At an operation 1009, a value for the utility function is determined based on one or more subcomponents of the utility function. In some cases, one or more subcomponent of the utility function can be omitted, or can be calculated but omitted from the total utility function value. One or more value of the operations 1002-808 can be summed, average, or otherwise combined to generate a utility function value for each of the unlabeled images obtained. The values output by the operation 1002-1008 can be normalized before combination and/or otherwise weighted to generate a total utility function value. The operations 1003-1009 comprise an operation 1010, an application of the utility function to the obtained unlabeled images.

At an operation 1011, the obtained unlabeled images can be ranked, batched, or otherwise ordered based on the utility function and/or their utility function values.

As described above, method 1000 (and/or the other methods and systems described herein) is configured to provide a generic framework to generate a utility function based on a machine learning model and/or training data of the machine learning model.

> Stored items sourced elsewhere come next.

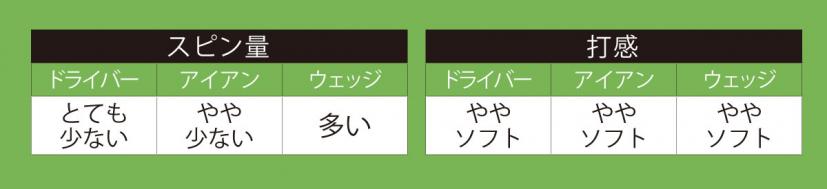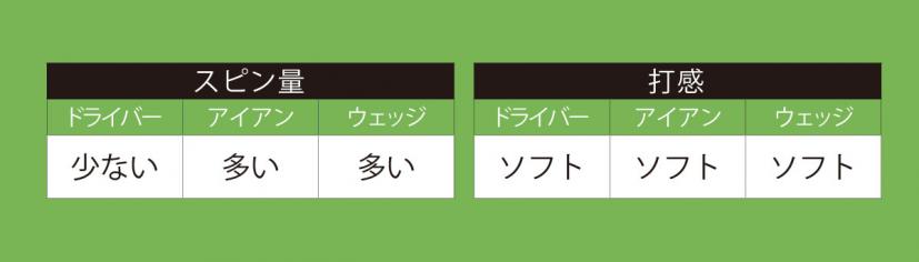 すべての番手でソフトな打感が得られ、ロングショットでは低スピンで曲がりを抑えて飛ばせるモデル。
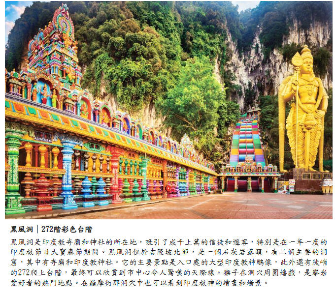 【黑風洞彩虹階梯】最新IG打卡景點:洞深十哩,蜿蜒崎嶇,驚險刺激,感受一下異國神秘宗教的洗禮,欲登上黑風洞,得先攀登272層階梯才可抵達,洞內有一印度神殿,是印度教大寶森節慶祝活動的重鎮,洞內成群的猴子及蝙蝠,洞內還有一個高達100公尺的寺廟透天洞,偶有陽光斜線而入,呈現出奇詭莊嚴的氣氛。
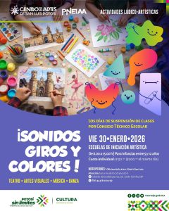 El Centro de las Artes de San Luis Potosí invita a niñas y niños a participar en la actividad lúdica “¡Sonidos, giros y colores!”.
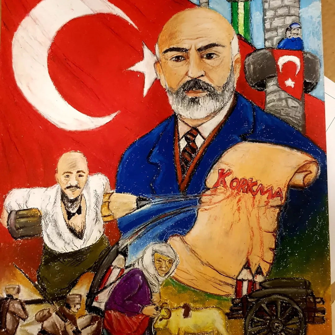 12 mart istiklal marşının kabulü " Bir yıldız, bir hilal ilelebet istiklal " konulu resim yarışmasında Mehmet Akif Ersoy Ortaokulu 7/F sınıfı öğrencisi Berra Menar kızımız il 2.si oldu.
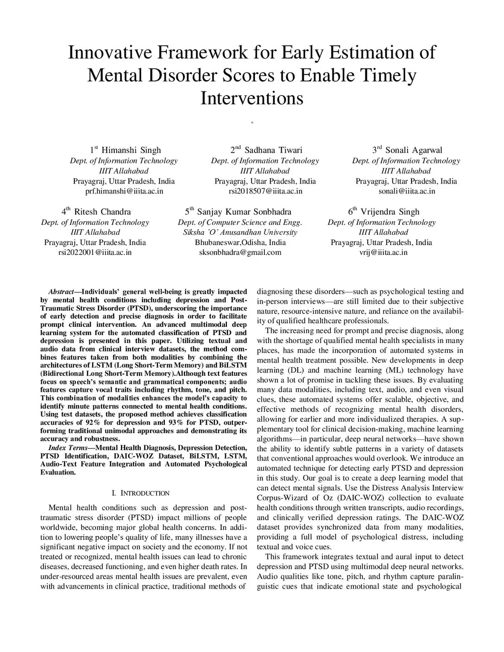 Individual's general well-being is greatly impacted by mental health conditions including depression and Post-Traumatic Stress Disorder (PTSD), underscoring the importance of early detection and precise diagnosis in order to facilitate prompt clinical intervention. An advanced multimodal deep learning system for the automated classification of PTSD and depression is presented in this paper. Utilizing textual and audio data from clinical interview datasets, the method combines features taken from both modalities by combining the architectures of LSTM (Long Short Term Memory) and BiLSTM (Bidirectional Long Short-Term Memory).Although text features focus on speech's semantic and grammatical components; audio features capture vocal traits including rhythm, tone, and pitch. This combination of modalities enhances the model's capacity to identify minute patterns connected to mental health conditions. Using test datasets, the proposed method achieves classification accuracies of 92% for depression and 93% for PTSD, outperforming traditional unimodal approaches and demonstrating its accuracy and robustness.

FIG. 11 illustrates an exemplary method 1100 for training a machine learning model with active learning for a utility function based on machine learning classification, according to an embodiment. Each of these operations is described in detail below. The operations of method 1100 presented below are intended to be illustrative. In some embodiments, method 1100 may be accomplished with one or more additional operations not described, and/or without one or more of the operations discussed. Additionally, the order in which the operations of method 1100 are illustrated in FIG. 11 and described below is not intended to be limiting. In some embodiments, one or more portions of method 1100 may be implemented (e.g., by simulation, modeling, etc.) in one or more processing devices (e.g., one or more processors). The one or more processing devices may include one or more devices executing some or all of the operations of method 1100 in response to instructions stored electronically on an electronic storage medium. The one or more processing devices may include one or more devices configured through hardware, firmware, and/or software to be specifically designed for execution of one or more of the operations of method 1100, for example.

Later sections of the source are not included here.